Activity:
Lines holding the string "data" are the ones to copy from this listing.

Records to process:
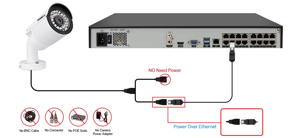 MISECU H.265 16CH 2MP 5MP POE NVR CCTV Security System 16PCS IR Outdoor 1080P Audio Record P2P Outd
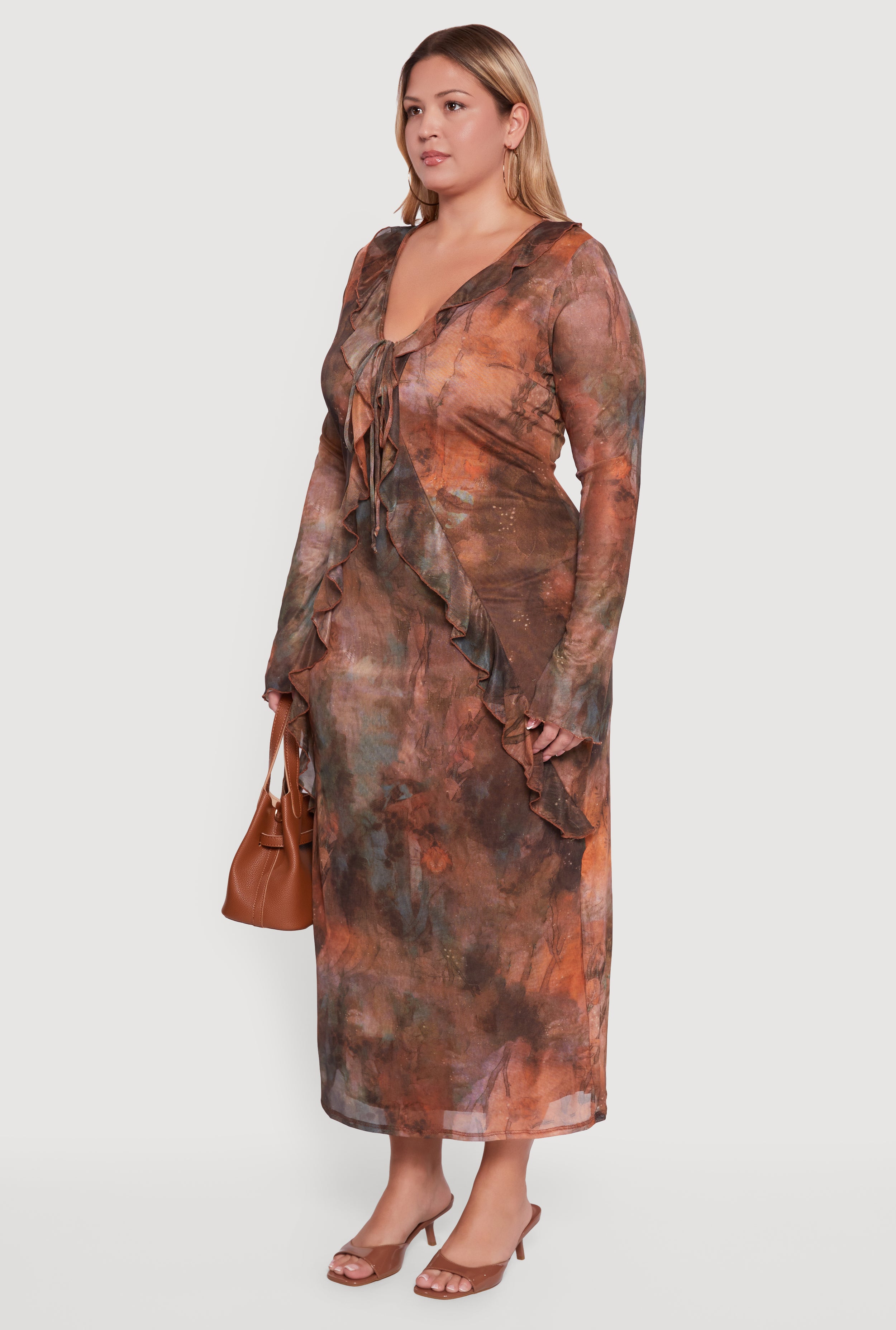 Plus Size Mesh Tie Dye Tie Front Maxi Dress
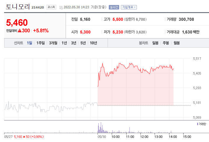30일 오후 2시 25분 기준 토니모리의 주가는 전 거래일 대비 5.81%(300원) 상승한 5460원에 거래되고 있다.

--

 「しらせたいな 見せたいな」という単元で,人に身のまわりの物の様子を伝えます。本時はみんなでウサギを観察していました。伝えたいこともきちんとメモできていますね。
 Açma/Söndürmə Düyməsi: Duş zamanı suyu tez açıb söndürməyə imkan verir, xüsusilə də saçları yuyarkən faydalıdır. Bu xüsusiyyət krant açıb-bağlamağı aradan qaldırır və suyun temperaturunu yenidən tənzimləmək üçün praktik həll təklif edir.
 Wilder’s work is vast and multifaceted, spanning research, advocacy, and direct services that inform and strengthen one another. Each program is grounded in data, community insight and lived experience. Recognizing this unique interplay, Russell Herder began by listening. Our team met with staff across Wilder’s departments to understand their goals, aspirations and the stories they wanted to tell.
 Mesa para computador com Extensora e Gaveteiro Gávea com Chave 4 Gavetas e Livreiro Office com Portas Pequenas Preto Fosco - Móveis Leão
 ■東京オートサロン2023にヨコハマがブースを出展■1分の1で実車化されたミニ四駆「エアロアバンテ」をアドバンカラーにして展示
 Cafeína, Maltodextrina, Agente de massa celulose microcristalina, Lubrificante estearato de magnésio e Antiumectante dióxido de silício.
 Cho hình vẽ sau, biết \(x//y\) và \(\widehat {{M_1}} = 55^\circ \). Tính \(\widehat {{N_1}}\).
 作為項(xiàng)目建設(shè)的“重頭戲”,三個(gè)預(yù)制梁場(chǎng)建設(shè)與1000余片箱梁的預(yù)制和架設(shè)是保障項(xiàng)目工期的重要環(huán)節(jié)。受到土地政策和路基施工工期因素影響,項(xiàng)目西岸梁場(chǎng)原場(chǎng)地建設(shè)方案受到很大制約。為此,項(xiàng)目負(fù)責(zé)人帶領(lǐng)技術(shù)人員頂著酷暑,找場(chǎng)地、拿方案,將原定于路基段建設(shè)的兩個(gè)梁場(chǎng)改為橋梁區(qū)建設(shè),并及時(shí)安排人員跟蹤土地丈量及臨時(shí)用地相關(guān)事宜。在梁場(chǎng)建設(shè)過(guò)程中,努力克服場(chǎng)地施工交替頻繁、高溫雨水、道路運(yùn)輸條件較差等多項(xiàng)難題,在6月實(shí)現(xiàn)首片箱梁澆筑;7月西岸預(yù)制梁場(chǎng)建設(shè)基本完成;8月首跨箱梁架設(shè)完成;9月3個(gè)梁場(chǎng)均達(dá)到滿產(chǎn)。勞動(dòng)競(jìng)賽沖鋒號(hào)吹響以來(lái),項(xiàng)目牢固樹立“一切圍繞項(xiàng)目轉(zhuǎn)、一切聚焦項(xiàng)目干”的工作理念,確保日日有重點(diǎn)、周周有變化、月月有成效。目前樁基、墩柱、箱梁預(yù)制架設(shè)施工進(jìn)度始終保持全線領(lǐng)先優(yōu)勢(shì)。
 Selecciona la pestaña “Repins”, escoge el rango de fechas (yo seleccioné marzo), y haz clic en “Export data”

Response below:
 Wilder’s work is vast and multifaceted, spanning research, advocacy, and direct services that inform and strengthen one another. Each program is grounded in data, community insight and lived experience. Recognizing this unique interplay, Russell Herder began by listening. Our team met with staff across Wilder’s departments to understand their goals, aspirations and the stories they wanted to tell.
 Selecciona la pestaña “Repins”, escoge el rango de fechas (yo seleccioné marzo), y haz clic en “Export data”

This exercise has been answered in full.